The Indianapolis Colts got their cornerback in Vontae Davis.
Jay Glazer of FOX Sports also reported:
For all who've been trying to find out Colts trade, I'm reporting the Colts have agreed to a trade for Fins CB Vontae Davis for 2nd rd pick— Jay Glazer (@JayGlazer) August 26, 2012
This was a nice move by the Colts as the defense did need to add some young talent. Davis is only 24 years old and has enjoyed a decent career thus far.
Most certainly are the Colts taking a risk after Davis lost his starting role, but he's proven to be a gamer in the regular season. Indy is back on the rise and much more recognition needs to start being given to coach Chuck Pagano's defense.
Adds Needed Talent to the Secondary
With safeties like Tom Zbikowski and Antoine Bethea, Indy was sitting pretty having Jerraud Powers on one side.
So with one spot left to complete the defensive backs, Davis is easily a better option over Cassius Vaughn or Justin King. Through three seasons Davis has accumulated 148 tackles (132 solo), nine picks and defended 32 passes.
Vaughn and Davis, though, do have the experience to provide Pagano with the option of a more reliable nickel/dime package. In a pass-happy league you can never have too many defensive backs with solid playing experience.
Davis however, possesses the instincts, size and reliable tackling to shutdown one side. He doesn't allow an extension number of yards after the catch and is stronger for run support when needed.
Takes Pressure Off the Front Seven
All of this, of course, takes a vehement amount of pressure of the Indianapolis front seven.
Lacking against the run in 2011 by allowing 144 yards per game and ranking No. 29, the Colts also gave up 4.3 yards per carry and 19 rushing touchdowns. Now, however, the linebackers can assist the defensive line in focusing on the opposing ground game.
With corners like Davis and Powers, the Colts can play a lot more press coverage and use inside leverage.
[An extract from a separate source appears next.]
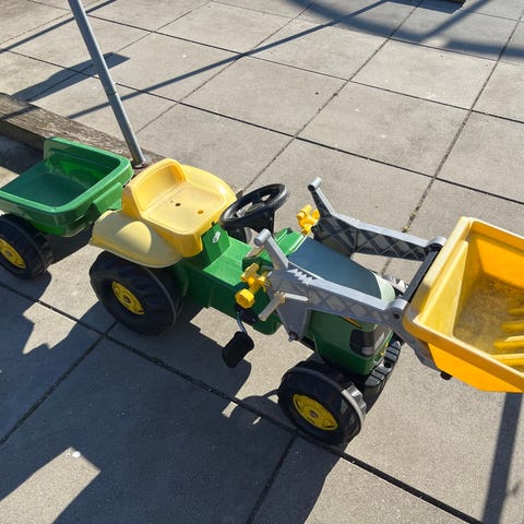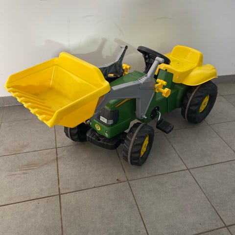 gul plast. Traktoren har fire plastikhjul med sorte dæk og gule fælge samt ratstyring. Foran er der en funktionel frontlæsser, og bagpå et gult lad til transport af legetøj eller sand. Modellen er beregnet som udendørs køretøj til børn, der kan træde pedalerne rundt og styre traktoren selv. Plastmaterialet gør den velegnet til brug i have, indkørsel eller på legeplads. Eventuelle brugsspor og revner fremgår af billederne.

This forces a receiver to adjust his route outside, which allows the corner to utilize the boundary as an extra defender.
In turn, the linebackers need not worry as much regarding receivers getting free releases toward the middle of the field. If anything, the outside linebacker closest to the boundary can blitz more often and the inside 'backers can man up on the tight end and/or bracket the running back.
This also allows a safety to roll down and fill the intermediate zone for a blitzing inside 'backer to apply more immediate quarterback pressure. It's quite fascinating how much a corner can impact a defense and help prepare when half the field is taken away on both sides instead of one.
Obviously this type of look won't be shown on every down, but it's a viable option that opens up the rest of the defensive playbook.
Creates Additional Possessions For Offense
Everything in the aforementioned sections leads back to giving Andrew Luck more opportunities.
For as much promise and current ability that Luck possesses, his NFL development will quickly pick up with each series under center. Well, that's the essence of defense aside from preventing an opponent from scoring: getting the offense back on the field.
Davis only appeared in 12 games last season but he finished with four picks, nine defended passes and made 43 tackles. At his core Davis is efficient, because he may not get challenged a great amount but he makes the most of each test.
Plus, it's not like the AFC South presents him with any receivers who are impossible to cover outside of Andre Johnson. And he hasn't played a full season since 2009.
Include two young quarterbacks in Blaine Gabbert and Jake Locker, and Indianapolis won't be too far behind the Houston Texans. Also, if quarterbacks don't attack Davis then there's Powers, Zbikowski and Bethea blanketing elsewhere.
The Colts' coverage will be there and lest we forget about the pass rush duo of Dwight Freeney and Robert Mathis. Indianapolis will force more three-and-outs and turnovers than 2011, so count on Luck being provided with plenty of additional possessions this season.